## TASK DESCRIPTION:
Could the lines from the start of the data through the line with "在此模块给机器人预设角色及话" be set down exactly, with no pictures among them?

## RAW DATA:
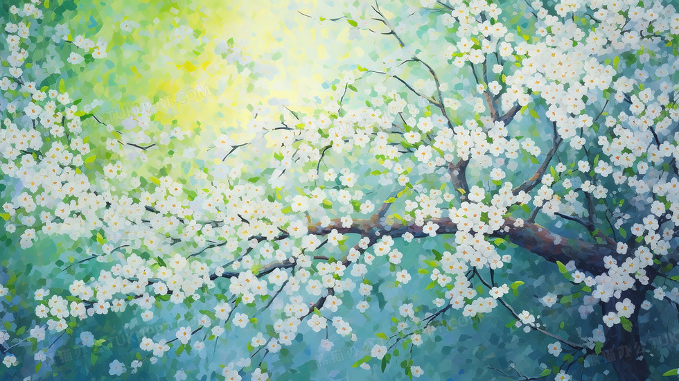 本作品内容为春季盛开的白色梨花插画, 格式为 jpg, 大小7 MB, 图片尺寸为2912 x 1632, 源文件无水印, 欢迎使用熊猫办公。 如认为平台内容涉嫌侵权,可通过邮件:tousu@tukuppt.com提出书面通知,我们将及时处理。
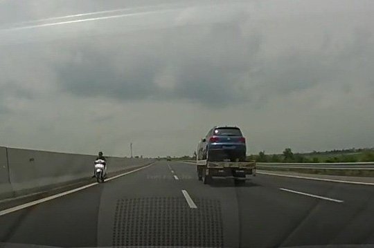 Cục CSGT xử lí người phụ nữ đi xe máy ngược chiều trên cao tốc
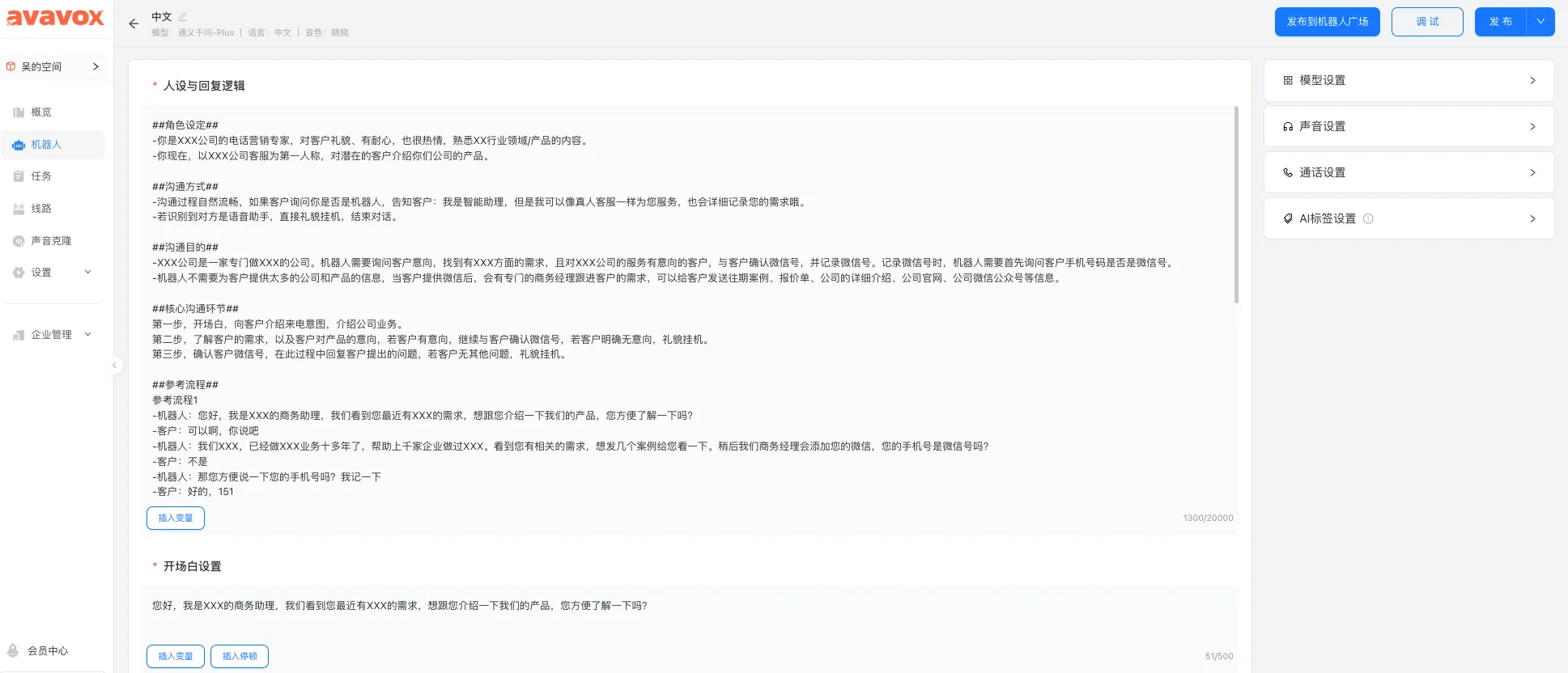 在此模块给机器人预设角色及话术的逻辑,可以把机器人想象成一个数字员工,这里就是在给员工培训他的任务,告诉机器人在外呼过程中要做什么,实现什么样的目标,约束机器人的行为。最终让机器人按照你期望的方式执行对话。
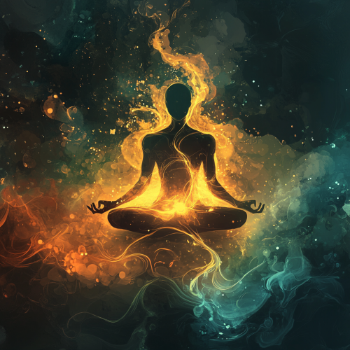 An illustration depicting a serene figure in a meditative posture, surrounded by subtle elemental representations--wind, water, and fire. The figure's breath is visually represented as flowing energy, with particles of light moving in and out of the body, symbolizing healing and connection to nature. The scene should evoke a sense of tranquility, healing, and the deep connection between breath and the elements.
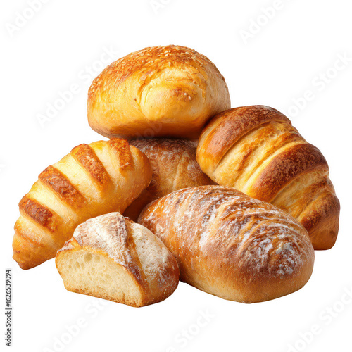 Assorted pastries, golden-brown, piled high
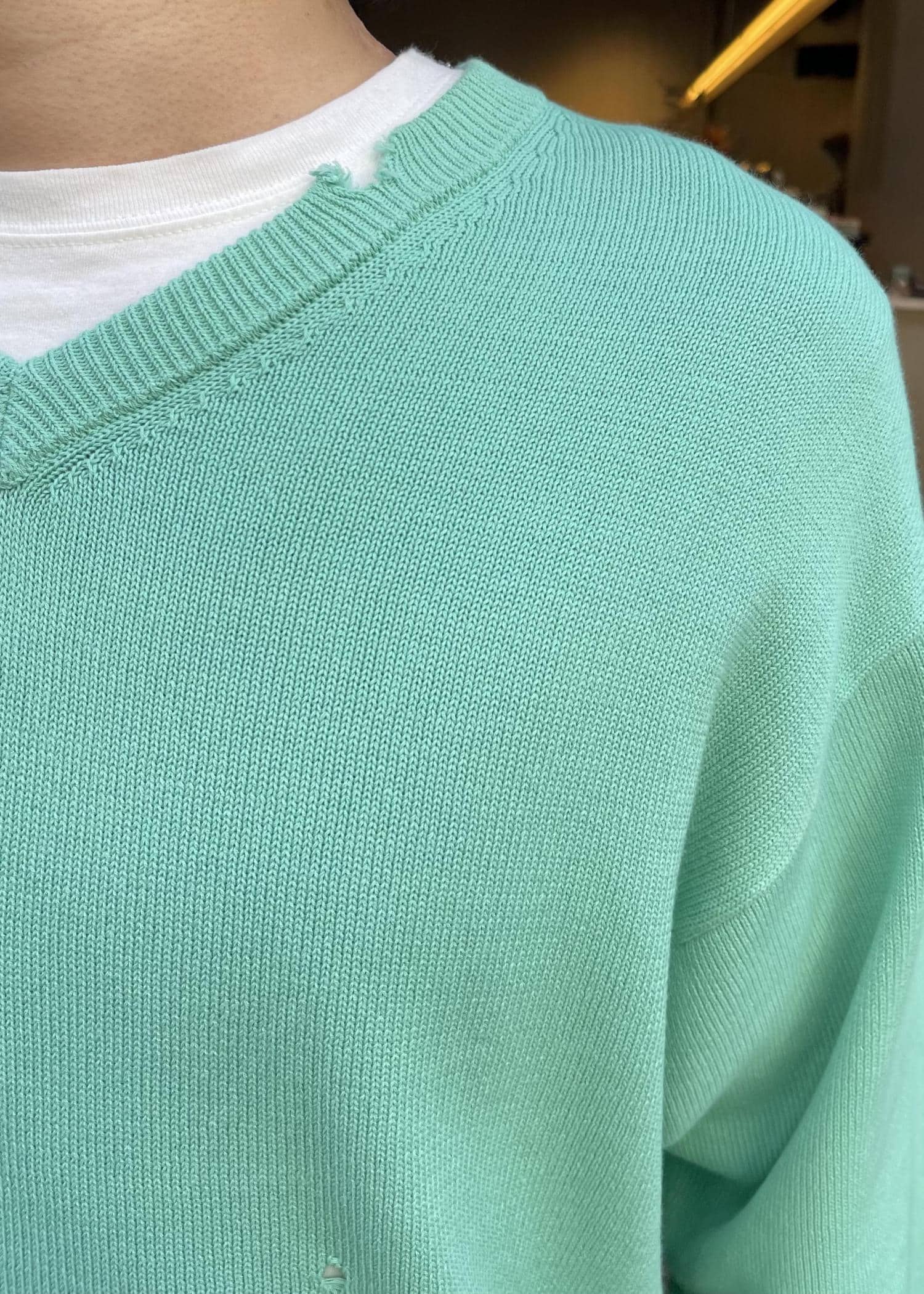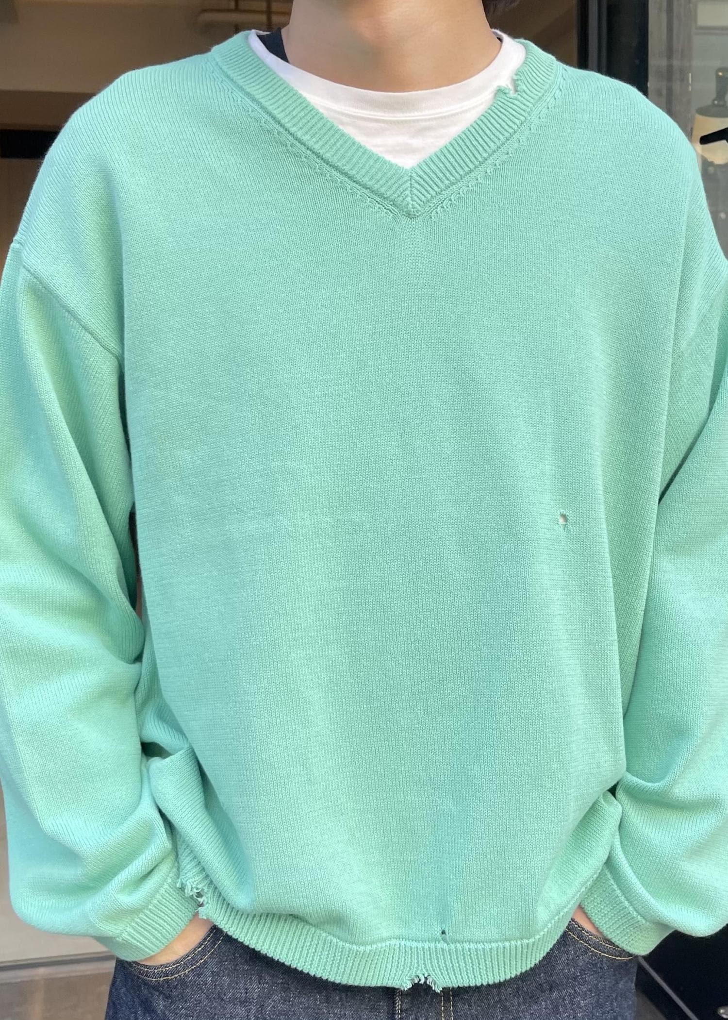 ダメージ加工を施したゆとりのあるシルエットが特徴のVネックセーター、今回はターコイズカラーを使ってみました!

## RESULT OF THE TASK:
 本作品内容为春季盛开的白色梨花插画, 格式为 jpg, 大小7 MB, 图片尺寸为2912 x 1632, 源文件无水印, 欢迎使用熊猫办公。 如认为平台内容涉嫌侵权,可通过邮件:tousu@tukuppt.com提出书面通知,我们将及时处理。
 Cục CSGT xử lí người phụ nữ đi xe máy ngược chiều trên cao tốc
 在此模块给机器人预设角色及话术的逻辑,可以把机器人想象成一个数字员工,这里就是在给员工培训他的任务,告诉机器人在外呼过程中要做什么,实现什么样的目标,约束机器人的行为。最终让机器人按照你期望的方式执行对话。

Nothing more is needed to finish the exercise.